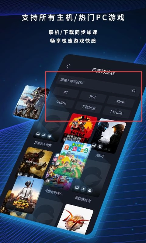 3、在已支持游戏界面,可通过输入框搜索游戏,或按【PC】【PS4】等类别查找游戏。
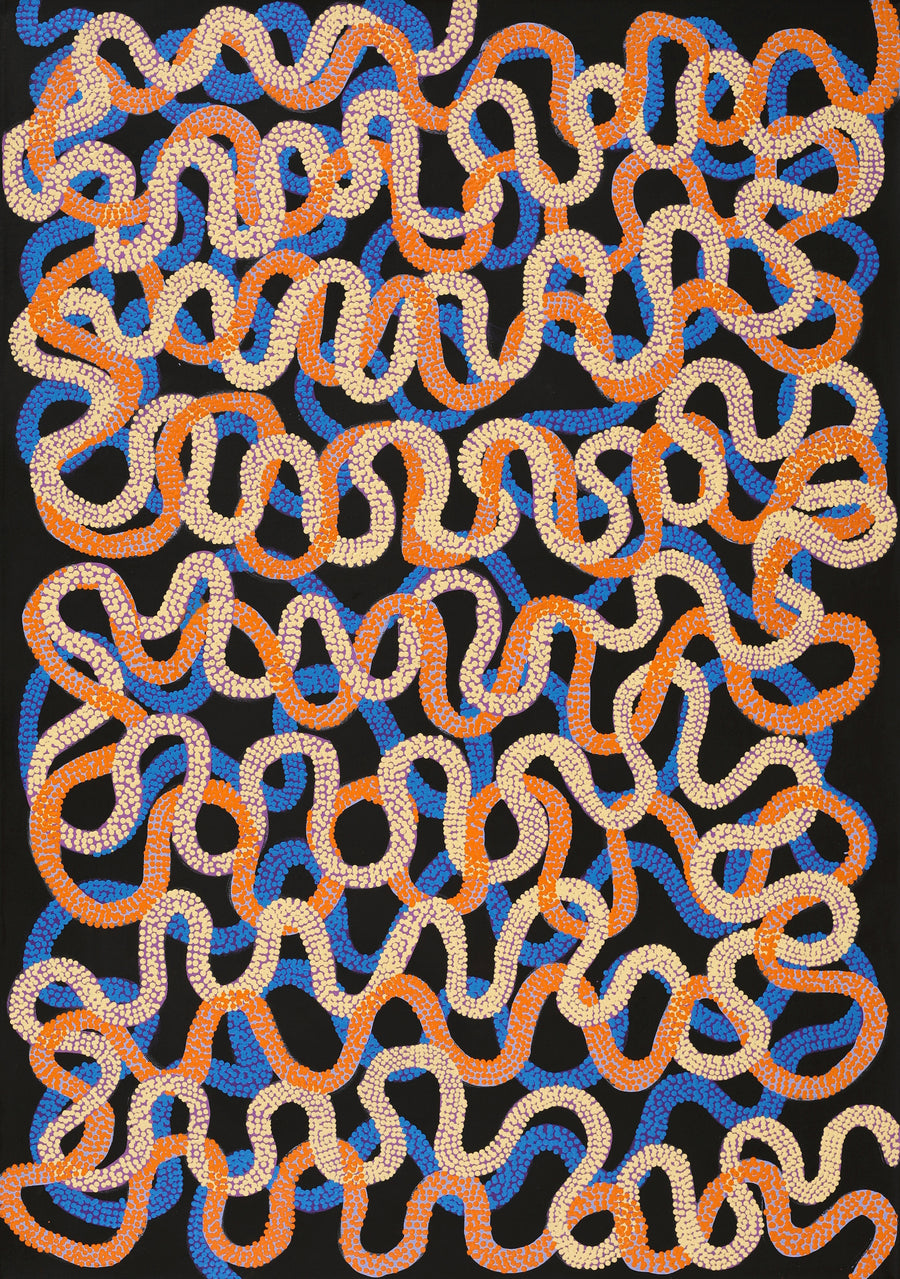 Vanetta Nampijinpa Hudson, Warlukurlangu Jukurrpa (Träumendes Feuerland), 152 x 107 cm
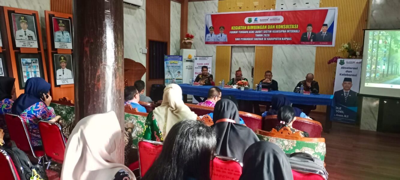 KAPUAS, CYRUSTIMES.com – Dinas Kearsipan dan Perpustakaan (Disarpustaka) Kabupaten Kapuas mengumpulkan seluruh perangkat daerah untuk mengikuti Bimbingan dan Konsultasi Format Terbaru Audit Sistem Kearsipan Internal (ASKI) Tahun 2026.
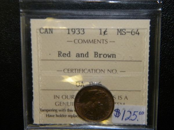 Canada - 1 Cent - 1933 - Red & Brown - ICCS - MS-64

◆ ◆ ◆ ◆ ◆

- Your assignment
Could you reproduce the data above exactly, without its pictures?

- Answer space
 3、在已支持游戏界面,可通过输入框搜索游戏,或按【PC】【PS4】等类别查找游戏。
 Vanetta Nampijinpa Hudson, Warlukurlangu Jukurrpa (Träumendes Feuerland), 152 x 107 cm
 KAPUAS, CYRUSTIMES.com – Dinas Kearsipan dan Perpustakaan (Disarpustaka) Kabupaten Kapuas mengumpulkan seluruh perangkat daerah untuk mengikuti Bimbingan dan Konsultasi Format Terbaru Audit Sistem Kearsipan Internal (ASKI) Tahun 2026.
 Canada - 1 Cent - 1933 - Red & Brown - ICCS - MS-64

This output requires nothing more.